The problem with Ken Blanchard’s books

by Krishna on December 24, 2006

I have read many of Ken Blanchard’s books like the One Minute Manager and Who Moved My Cheese. Many of these books occur high in popularity on the lists of many book vendors including Amazon. Many of my friends in school have also recommended these books. They are very short and easy to read — typically you can finish one of them within a few hours. The books use the methodology of a simple story or parable to explain a business management concept.

I have serious reservations about his books and my personal feeling about his works are that they do more harm than good. First of all, the use of a story to illustrate ideas is a good methodology for readers to easily understand the topic. However, the story is just that — a fictional story that can be manipulated in any way to suit the conclusions that the author wants to make. I have not seen much research to justify the ideas or methods mentioned in the book.

Since the books are easily readable, I assume that a good portion of its readers consist of those persons who have little time for a more theoretical or larger business management book, but want something quick and easy. Blanchard’s books fill the void for this audience. The problem is that this audience never gets to understand important business concepts in the context of the working of the business environment.

By over-simplifying the concept, it is an invitation to the reader to blindly apply ideas without thinking of the whole picture. Take the example of the One Minute Manager which explains how overwhelmed managers can make better use of their time by proper delegation. Good concept, but the explanation in the book makes it very tempting for managers to do paper pushing and make themselves less accessible to subordinates.

The use of metaphors like monkeys and mice in different stories have seeped into misguided management cliches and are highly demotivating and insulting to workers. In “Who Moved My Cheese?”, workers are compared to mice and asked to accept change as a fact of life. But what about management? What is their role? Are workers just supposed to be pawns who have to turn their lives upside down just so that change can be accommodated.

A recurring method in Blanchard’s books is to provide a principle in huge, bold letters in an entire page dedicated to it. This has the makings of a cult, where the principle is supposed to be cast in stone. A egregious example of this occurs in the book “Gung Ho!” where the “Spirit of the Squirrel”, “Spirit of the Beaver”, etc. are mentioned as if they are gospel.

Managers who buy into this start becoming what I term “checklist” managers who start using this specific methodology to start running their organization. Real organizations are far more complex to be run by such checklists which have no proven research foundations. Effective managers need to recognize these books as containing tactics that may be useful in certain circumstances and as part of a larger strategy, not as a silver bullet to solve all the problems within the organization.

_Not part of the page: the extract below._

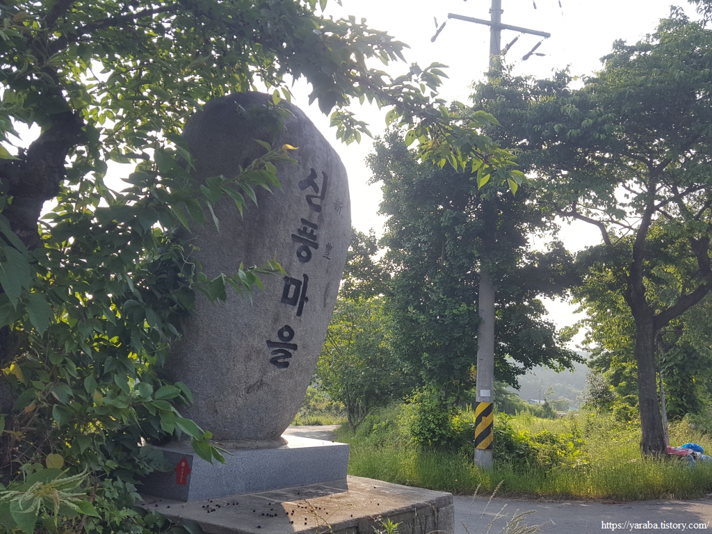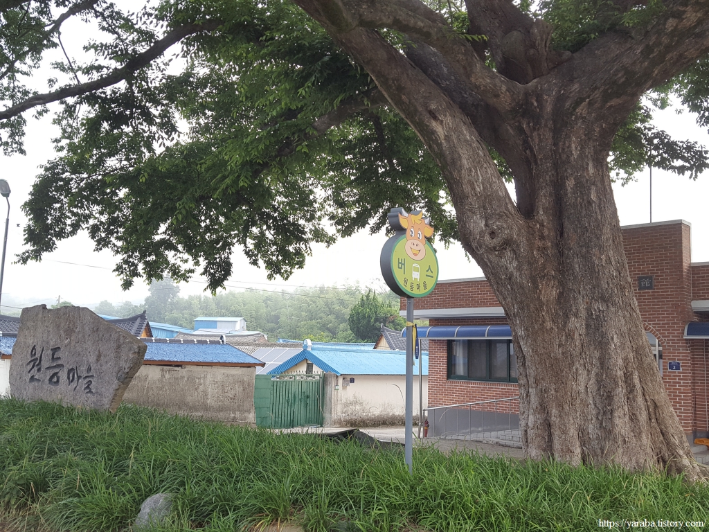 장흥 시내에서 하룻밤 묵고 용산면 덕암리 원등 마을을 돌아온 우리는 마을 회관 앞의 커다란 나무와 인사하며 하루를 시작한다. 어제 장흥으로 들어오면서 소머리 버스 정류장 표식을 보았지만 아침에 다시 보니 빙그레 미소가 지어진다.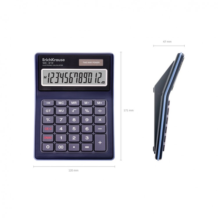 Електронскиот водоотпорен калкулатор во пластична рамка има 12-цифрен LCD дисплеј со акрилен капак. Заштитеното куќиште од влага, прашина, случајни прскања и загадувачи овозможува користење на калкулатор на отворено. Имајте мемориски клуч. Оптималниот сет на пресметковни функции овозможува извршување на основни математички операции, пресметување на проценти, маржа на мало, извлекување на квадратен корен, сумирање на извршените операции и меморирање на средниот резултат. Гумирана тастатура е опремена со копчиња со нула „00“ и копче за назад. Елементот за соларна енергија може да се полни и од директна сончева светлина и од канцелариски тавански светла, што помага да се заштеди полнење на алкална батерија. Напојувањето на калкулаторот автоматски се исклучува доколку уредот не се користи 7 минути.

Ultimately that is precisely the problem. They are way more inexperienced and raw managers than savvy ones. Books like this hide the seriousness and complexity of management and seem to provide quick fixes. The overwhelmed manager starts implementing them whole-heartedly. When employees get demotivated because of faulty implementation or management speak, the manager blames the employees and tries harder to push the tactics even more, instead of recognizing that the methodology was wrong in the first place.

So what is the solution? If you are a business owner or manager and want to develop true management capabilities in your organization, the first thing you must impress on potential leaders and managers is that there are no shortcuts. Management is hard and requires knowledge, patience, humility and perseverance. Learning is continuous. Show them the right books or literature to read and tell them that each contains only the partial truth. They must develop the right outlook and constantly use information to build up their vision and strategy. And be willing to learn from mistakes and question everything.